BOOKS IN ORWELL'S LIBRARY
To Orwell Today,
I'm a graduate student at the University of Alberta and am curious to know if there is a list of books that were in Orwell's library at the time of his death? I am writing a paper on his influences and sources he may have used or drawn on during his career.
Thank you for any information you can give me.
I don't know if such a list exists. I haven't come across any mention of one so far. I know, from his own account, that Orwell had around 900 books in his library. See his 1946 essay BOOKS VS CIGARETTES
Above is a photo of Orwell in front of bookshelves in the flat on Canonbury Square where he wrote that essay (he made some bookshelves himself out of cherry wood he painted white and which sagged in the middle). I've been to that very flat. See 27B CANONBURY SQUARE
In 1944 Orwell's flat in London was bombed (the one at Mortimer Crescent from which he moved temporarily to a friend's empty flat nearby) and many of his books - including the finished manuscript of ANIMAL FARM - were buried under a pile of rubble. There's an anecdote that the publishers who Orwell sent it to (all of whom turned ANIMAL FARM down) wondered about the wear and tear on the cover. There's also an anecdote of Orwell going back and forth on his lunch break (working as an editor at "Tribune" at the time) pushing a wheel-barrow full of books between the bombed out flat and his new one. See ALONG CAME THE DOODLEBUG and ORWELL TRIBUTE TO TRIBUNE and ORWELL'S PUBLISHING PROBLEMS
One book I know for sure that was in Orwell's library at the time of his death (although only in manuscript form) was his own NINETEEN EIGHTY-FOUR.

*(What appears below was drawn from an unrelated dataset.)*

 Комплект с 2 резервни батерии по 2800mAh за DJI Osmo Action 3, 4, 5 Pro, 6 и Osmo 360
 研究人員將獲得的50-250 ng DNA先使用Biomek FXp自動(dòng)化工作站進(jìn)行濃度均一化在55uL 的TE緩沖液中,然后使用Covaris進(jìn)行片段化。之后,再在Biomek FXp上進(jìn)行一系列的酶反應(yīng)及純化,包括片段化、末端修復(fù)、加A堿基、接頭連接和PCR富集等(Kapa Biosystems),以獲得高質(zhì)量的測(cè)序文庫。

At the time of his death Orwell had been in hospital for one year, but prior to that he was living in a house on an island in the Scottish Hebrides and all his books were there. See JOURNEY TO ORWELL'S JURA and VISITING ORWELL'S BARNHILL
His wife, Sonia, went to Jura in February 1950 - a month after he died - to sort out his possessions at the Barnhill house. At that time - godcidently - she found the working manuscript for "1984" in his bedroom, from which he had typed the final copy. I say 'godcidently' because it is the only draft manuscript of Orwell's in existence. The only reason he didn't throw it away after typing the final copy was because he left Barnhill in a medical emergency, having collapsed from exhaustion after typing "1984" himself and mailing the original and two carbon copies to his publisher and agent. See ORWELL'S TYPEWRITER MY GRANDFATHER'S and ORWELL'S TYPEWRITER A REMINGTON
One of the greatest thrills of my life was coming across a copy of an exact replica of THE MANUSCRIPT OF 1984 - in his own handwriting and typewriting - and adding it to my own Orwell library. See BOOKS ABOUT ORWELL and BOOKS BY ORWELL.

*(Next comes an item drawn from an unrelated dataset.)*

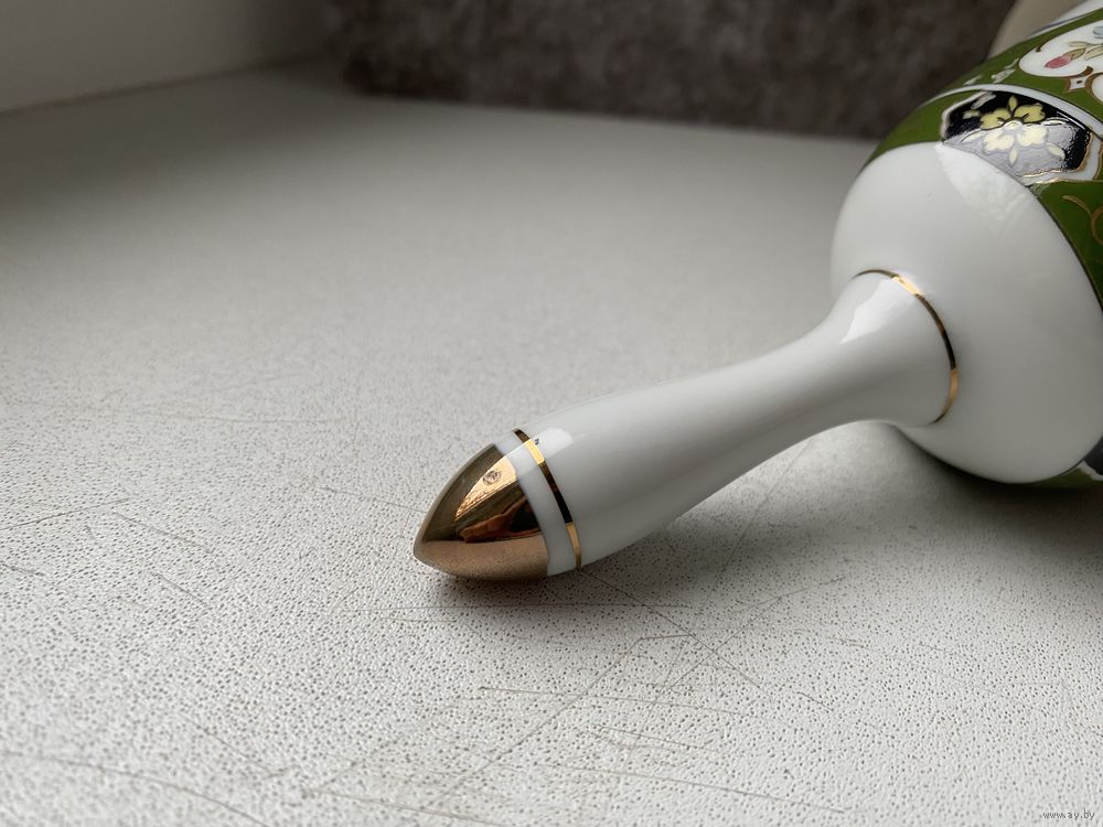 Правый - один скольчик по ободку, один по грани снаружи, см. по фото, без трещин, высота - 12,5 см (керамика)

Throughout his life Orwell was an avid reader and writer (an author and a journalist) and read thousands of books for pleasure, to increase his knowledge and also in the line of duty as a book reviewer. The four-volume THE COLLECTED ESSAYS, JOURNALISM AND LETTERS OF GEORGE ORWELL (including all his AS I PLEASE columns for "Tribune") contain his comments on many of the authors and books that influenced him.

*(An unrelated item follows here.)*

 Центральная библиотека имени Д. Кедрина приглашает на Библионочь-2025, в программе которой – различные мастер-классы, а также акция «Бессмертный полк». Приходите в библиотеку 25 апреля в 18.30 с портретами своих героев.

I'm sorry not to be specific about books in Orwell's library, but it would be hard to make a choice as to what to mention or not mention. I could rhyme off dozens that I know would be there (and I recognize concepts from many that I've read in much of his writing) but perhaps you could decide for yourself by going to Orwell himself - through his 4-volume compilation (the 1st of which is scanned above) - for your source.
All the best,
PS - Also you could search for articles on my website linked off the Home Page and under the Essays and Commentary section which include excerpts from some reviews and articles Orwell wrote on authors and books that influenced him. For example, Jonathan Swift - especially GULLIVER'S TRAVELS - was a literary and political influence on Orwell about which he said: "I believe Gulliver's Travels has meant more to me than any other book ever written. I can't remember when I first read it, I must have been eight years old at the most, and it's lived with me ever since so that I suppose a year has never passed without my re-reading at least part of it."